Microsoft doesn’t want police using its AI for facial recognition

  • Microsoft has reiterated its position on generative AI being used by police departments for facial recognition.
  • It has banned the use of its enterprise-focused Azure OpenAI by police departments in the United States.
  • The company has also banned the use of its AI for real-time facial recognition globally.

Much has been made of the use of facial recognition software by law enforcement, with most big tech firms looking to ban its use and potential exploitation. The same holds true for Microsoft, which has reiterated its position when it comes to the use of its AI solutions for facial recognition.

The company this week updated its policies on the matter, per TechCrunch, adding new stipulations when it comes to its enterprise-focused Azure AI platform.

Microsoft has confirmed that its generative AI technology is banned for use by any police departments in the United States.

Here it outlined that integrations for Azure AI may not be used for, “facial recognition purposes by or for a police department in the United States.”

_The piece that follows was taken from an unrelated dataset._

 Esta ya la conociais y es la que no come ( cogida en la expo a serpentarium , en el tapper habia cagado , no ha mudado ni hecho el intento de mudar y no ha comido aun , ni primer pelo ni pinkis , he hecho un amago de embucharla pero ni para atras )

It added that it cannot be used for, “any real-time facial recognition technology on mobile cameras used by any law enforcement globally to attempt to identify individual in uncontrolled, ‘in the wild’ environments, which includes (without limitation) police officers on patrol using body-worn or dash-mounted cameras using facial recognition technology to attempt to identify individuals present in a database of suspects or prior inmates.”

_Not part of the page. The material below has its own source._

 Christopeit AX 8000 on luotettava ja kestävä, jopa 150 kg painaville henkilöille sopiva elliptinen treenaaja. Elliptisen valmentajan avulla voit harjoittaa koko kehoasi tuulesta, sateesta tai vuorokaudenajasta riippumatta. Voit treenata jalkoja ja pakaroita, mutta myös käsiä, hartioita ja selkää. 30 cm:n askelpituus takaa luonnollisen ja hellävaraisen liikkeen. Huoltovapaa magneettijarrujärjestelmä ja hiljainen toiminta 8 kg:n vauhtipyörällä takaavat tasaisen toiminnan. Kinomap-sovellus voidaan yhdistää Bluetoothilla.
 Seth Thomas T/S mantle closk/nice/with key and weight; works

Along with police departments, Microsoft is looking at Azure AI’s potential use in other scenarios, such as surveillance at an airport or another environment where security is a critical concern.

On this front that company has noted that its technology cannot be used, “without the individual’s valid consent, be used for ongoing surveillance or real-time or near real-time identification or persistent tracking of the individual using any of their personal information, including biometric data.”

It is good to see Microsoft reaffirm its stance on the matter, but it also remains to be seen how other generative AI players will be enforcing the use of their technology when it comes to facial recognition.

AWS, for example, has noted that its facial recognition software should be used in a responsible manner, but has not stated its policy on its use by police departments, nor what kinds of bans are in place.

“In all public safety and law enforcement scenarios, technology like Amazon Rekognition should only be used to narrow the field of potential matches,” AWS has shared. What that means now that it has invested far more of Anthropic, is unclear.

Either way, as generative AI becomes more pervasive, its implications when it comes to privacy needs to be weighed carefully and regulated clearly.